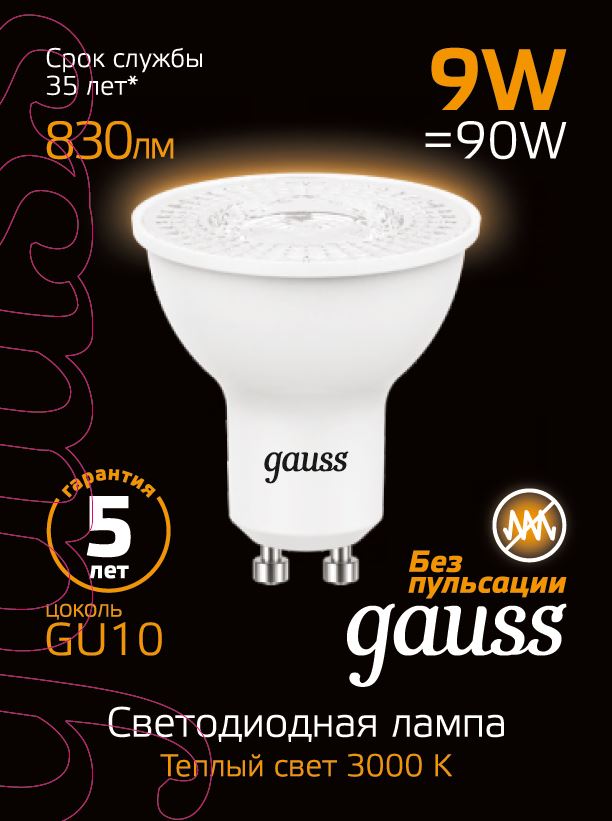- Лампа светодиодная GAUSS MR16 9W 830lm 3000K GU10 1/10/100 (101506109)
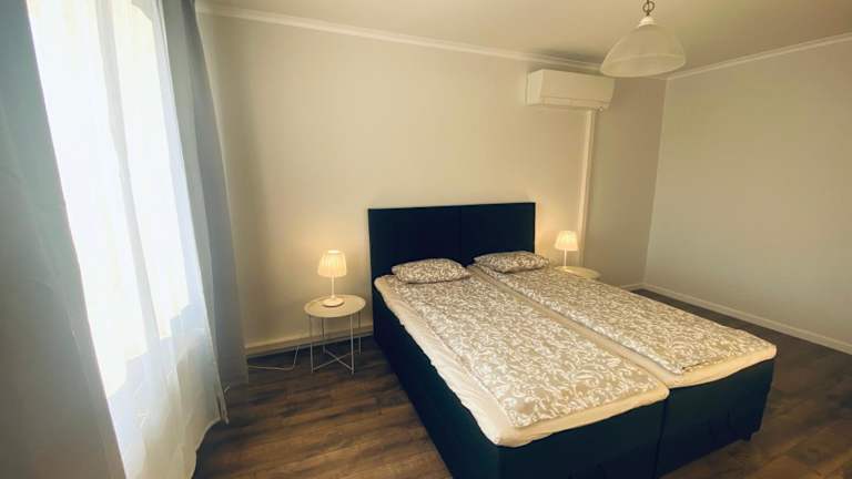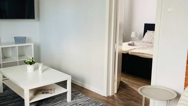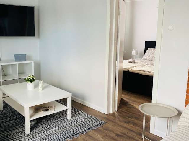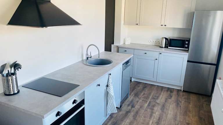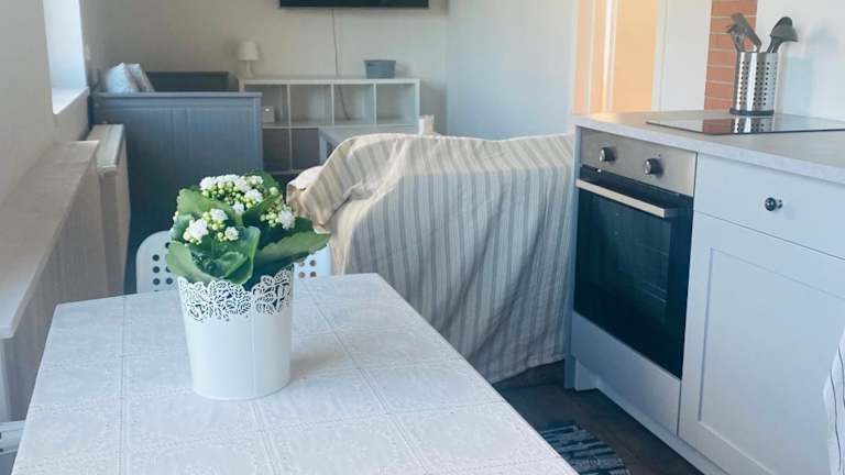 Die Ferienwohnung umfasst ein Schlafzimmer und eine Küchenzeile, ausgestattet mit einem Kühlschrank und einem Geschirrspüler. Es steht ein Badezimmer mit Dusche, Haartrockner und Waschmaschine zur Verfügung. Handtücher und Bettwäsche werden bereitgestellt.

★ ★ ★ ★ ★ ★ ★

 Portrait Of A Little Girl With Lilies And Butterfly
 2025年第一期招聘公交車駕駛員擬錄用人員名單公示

★ ★ ★ ★ ★ ★ ★

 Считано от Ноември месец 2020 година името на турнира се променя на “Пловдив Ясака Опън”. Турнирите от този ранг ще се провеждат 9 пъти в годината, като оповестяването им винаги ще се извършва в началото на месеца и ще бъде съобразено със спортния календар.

★ ★ ★ ★ ★ ★ ★

Beginning at the line that has "- Лампа светодиодная" and ending at the line that has "Die Ferienwohnung umfasst", restate the listing above word for word, pictures left out.

- Лампа светодиодная GAUSS MR16 9W 830lm 3000K GU10 1/10/100 (101506109)
 Die Ferienwohnung umfasst ein Schlafzimmer und eine Küchenzeile, ausgestattet mit einem Kühlschrank und einem Geschirrspüler. Es steht ein Badezimmer mit Dusche, Haartrockner und Waschmaschine zur Verfügung. Handtücher und Bettwäsche werden bereitgestellt.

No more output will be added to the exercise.